Scripps biological oceanographers and advisors Jay Barlow and Paul Dayton noted that Keen’s paper is one of only three studies of threshold foraging in whales. It’s also the first paper to study threshold foraging in the threatened fin whale, the first to compare threshold foraging behavior in two species concurrently, and the first to explore the relationship between two types of foraging thresholds within the context of local prey dynamics.

“Beyond the importance of this work, the fieldwork that went into it stands out as an impressive and innovative approach to carrying out impactful studies in pelagic ecology,” said Barlow, adjunct professor at Scripps and researcher at NOAA’s Southwest Fisheries Science Center. “Eric’s project is unique in all my 40 years of experience at Scripps. He was captain, chief scientist, chief steward, supply officer, and chief boatswain of his research vessel.”

Growing up in Florida, Keen was surrounded by the ocean and, as he describes, its “most exhilarating creatures,” from manatees and crocodiles to shorebirds, sharks, and whales. He later decided to specialize in whale ecology because understanding this field requires a comprehensive approach to scientific problems.

“Whales are hitched to everything else in the ocean,” said Keen. “You can't understand whales without understanding their prey, and you can't explore those interactions without considering everything from physical oceanography to physiological energetics to the impact of humans on the ocean.”

Keen said he was “thrilled and honored” to receive the Frieman Prize.

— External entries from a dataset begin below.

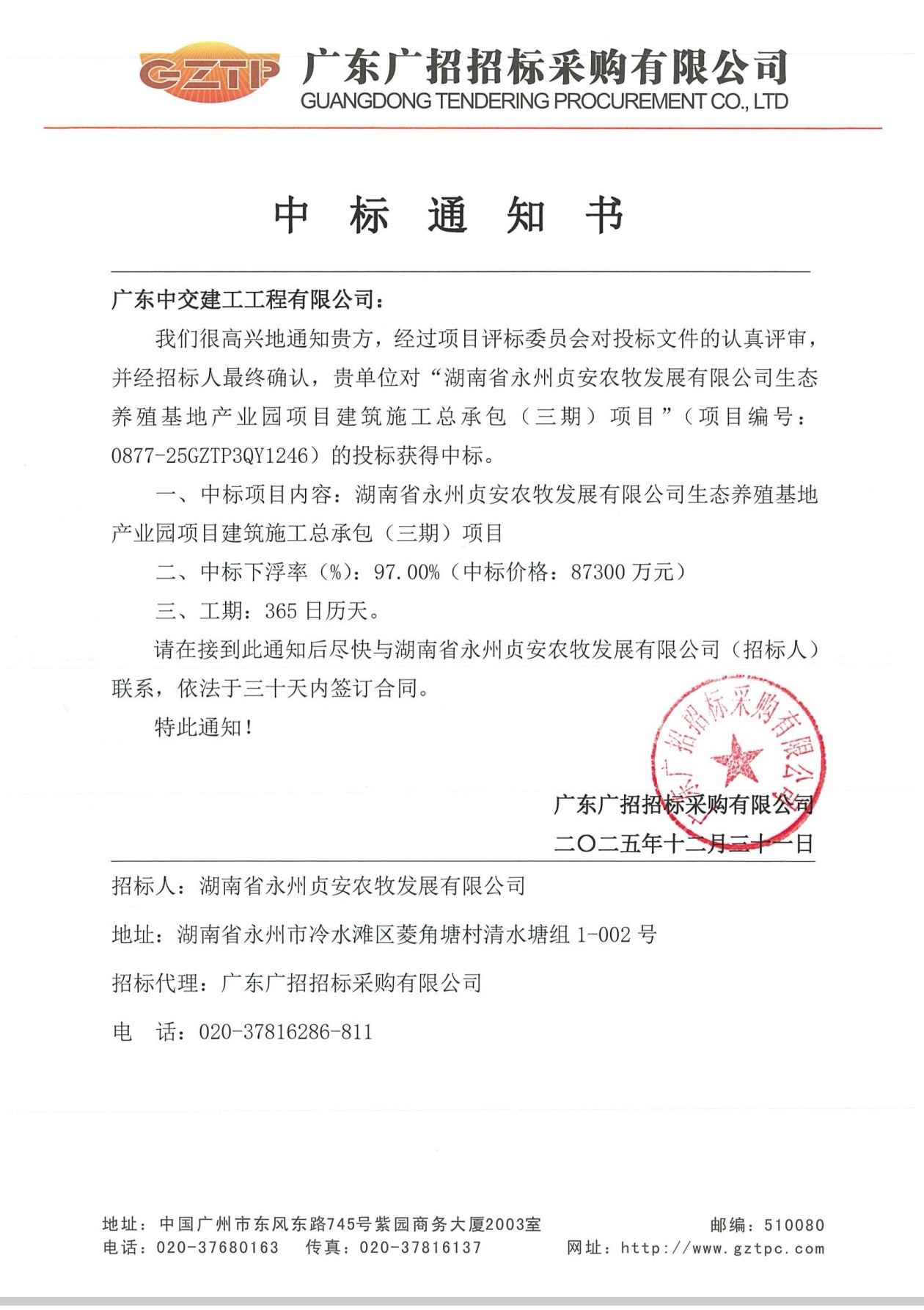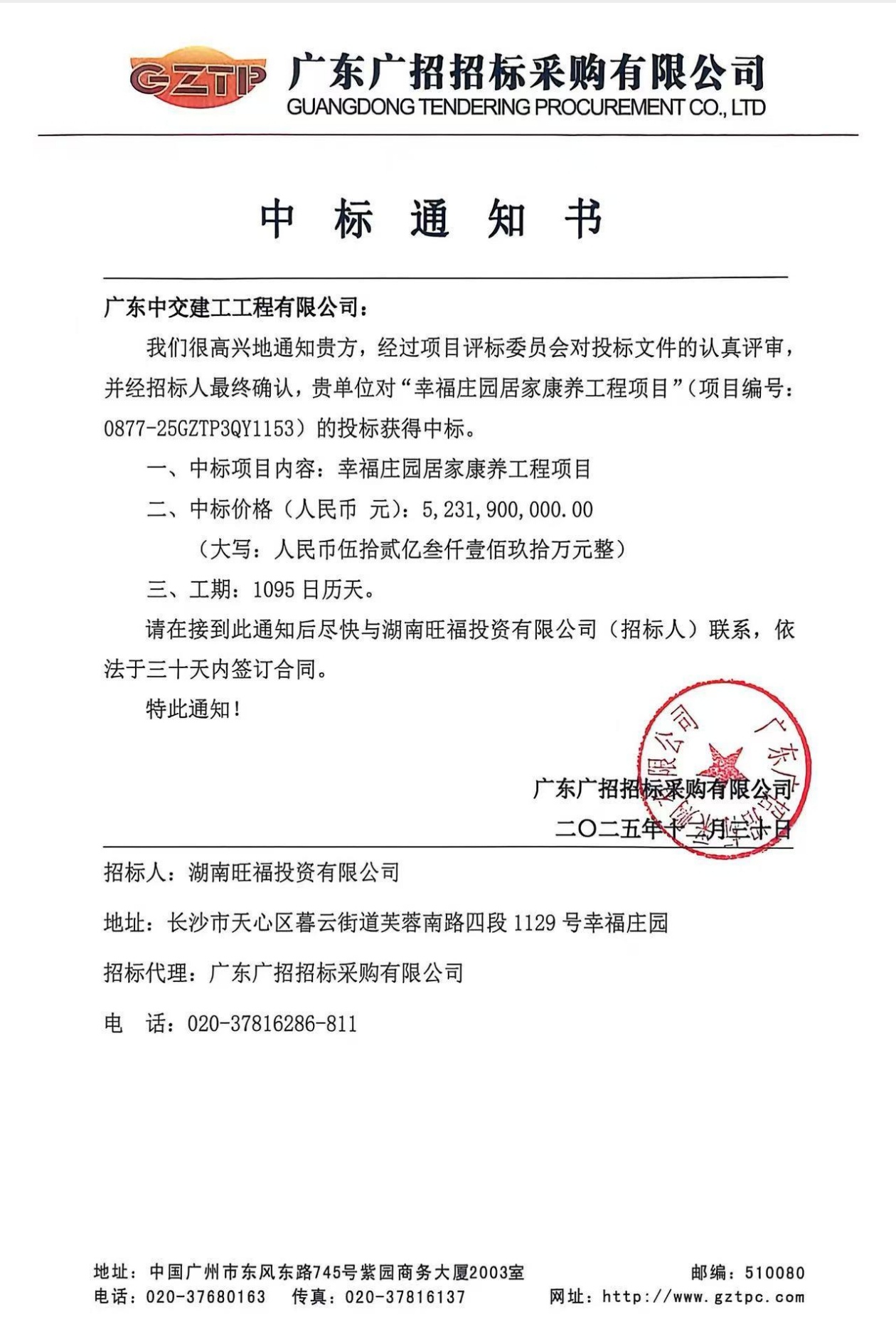 中交城投(深圳)控股集团有限公司中标喜报
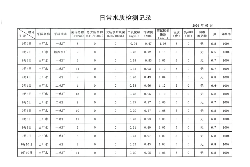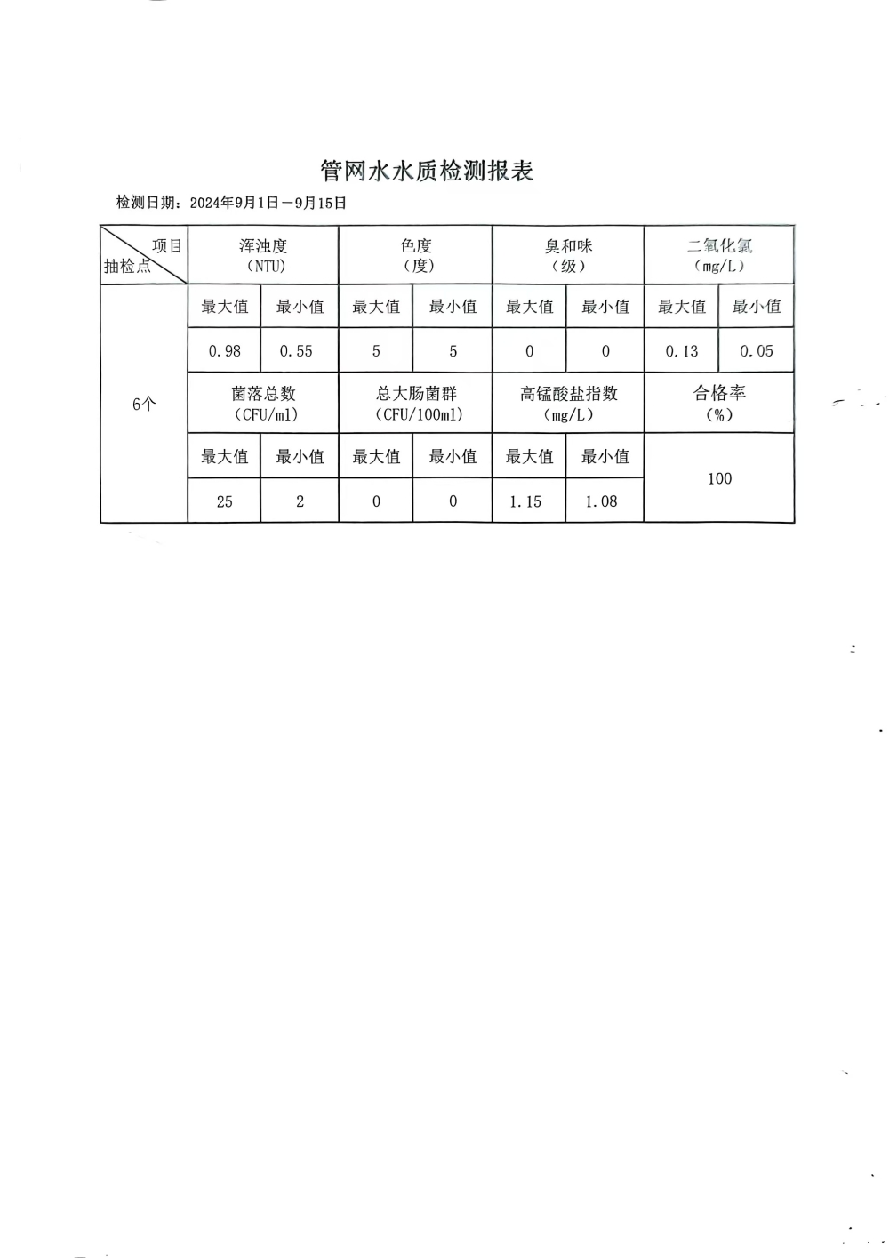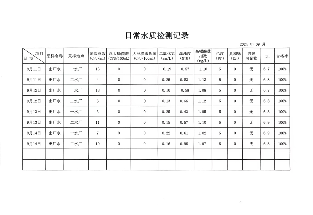 9月上半月興臨自來水公司日檢、半月檢水質信息公開
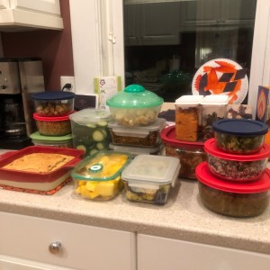 Making. FOOD! Lots and lots of food. Sunday afternoon’s batch cooking includes: pasta e fagioli; red lentil dal; sliced snack veggies; gardein taco “meat”; diced fresh mango; steamed tricolor cauliflower and broccoli; roasted tempeh; roasted tofu; plain chickpeas; steamed einkorn; dry-roasted mushrooms; white bean and sundried tomato dip; raw grain-free granola; and cornmeal breakfast cake with chocolate chips (a concession to the kids). All in all, less than three hours of work, and this will probably get me through two weeks of lunches and dinners.
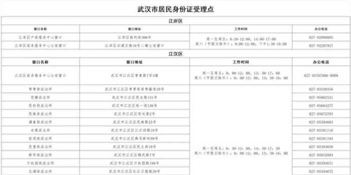 武汉各区居民身份证受理点
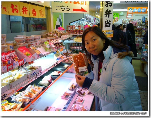 這個就是位於日高的一個休息站,裡頭有一個還蠻傳統的生鮮超市,我們這些台灣客是看到什麼東西都新奇,每一樣都給他拿起來摸一摸,看一看,過足觀光的癮!
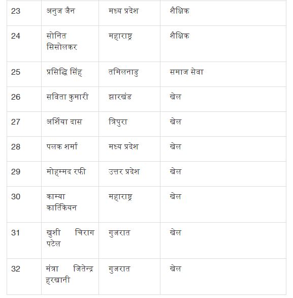 पुरस्कार से सम्मानित होने वाले बच्चे 21 राज्यों/केन्द्र शासित प्रदेशों के 32 ज़िलों से आते हैं। कला एवं संस्कृति के क्षेत्र में 7 पुरस्कार, नवाचार के क्षेत्र में 9 पुरस्कार और शैक्षिक उपलब्धियों के क्षेत्र में 5 पुरस्कार प्रदान किए गए हैं। वहीं दूसरी तरफ खेल की श्रेणी में 7 बच्चों को, बहादुरी के लिए 3 बच्चों को और समाज सेवा के क्षेत्र में बेहतर काम करने के लिए एक बच्चे को सम्मानित किया गया।
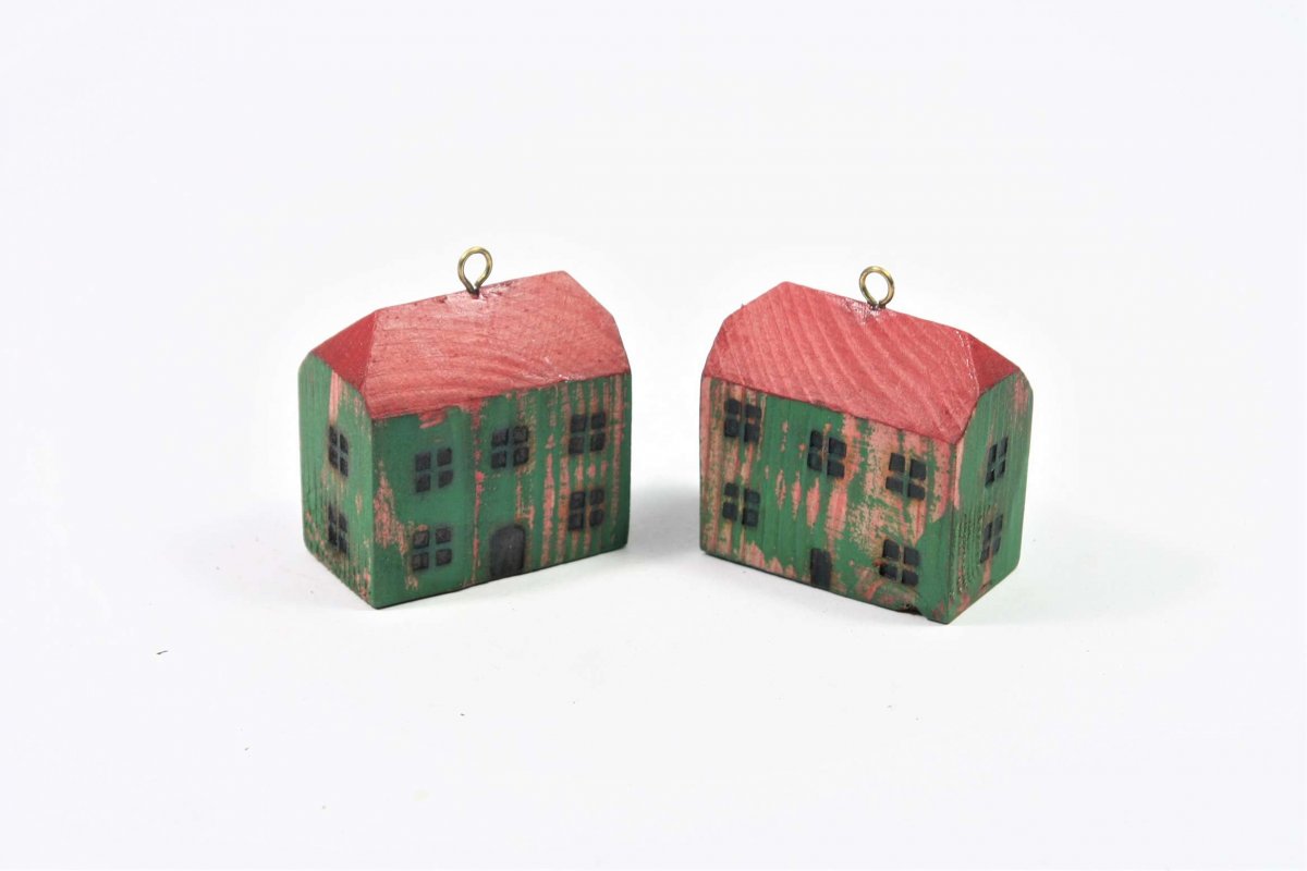 Dřevěný domeček ze smrkového dřeva s ručně vyrobeným očkem z mosazného drátu k zavěšení. Domeček je mořený lihovým mořidlem a následně malovaný akrylovou barvou vhodnou pro styk s potravinami. Dekorace není pouze vánoční ozdobou, ale slouží k pověšení celoročně kamkoliv. Okna a dveře jsou vypáleny vlastnoručně vyrobebenými razníky, což vytvořilo krásný plastický efekt.

He recently began a part-time postdoctoral fellowship at the University of Victoria and is also working with the North Coast Cetacean Society and the Foundation for Marine Ecology and Telemetry Research.

“I take the award as encouragement and inspiration to continue producing Scripps-grade research as I enter my postdoctoral career,” said Keen.

The Frieman Prize was established in 1996 to honor Edward A. Frieman, a plasma physicist and the eighth director of Scripps, on his 70th birthday.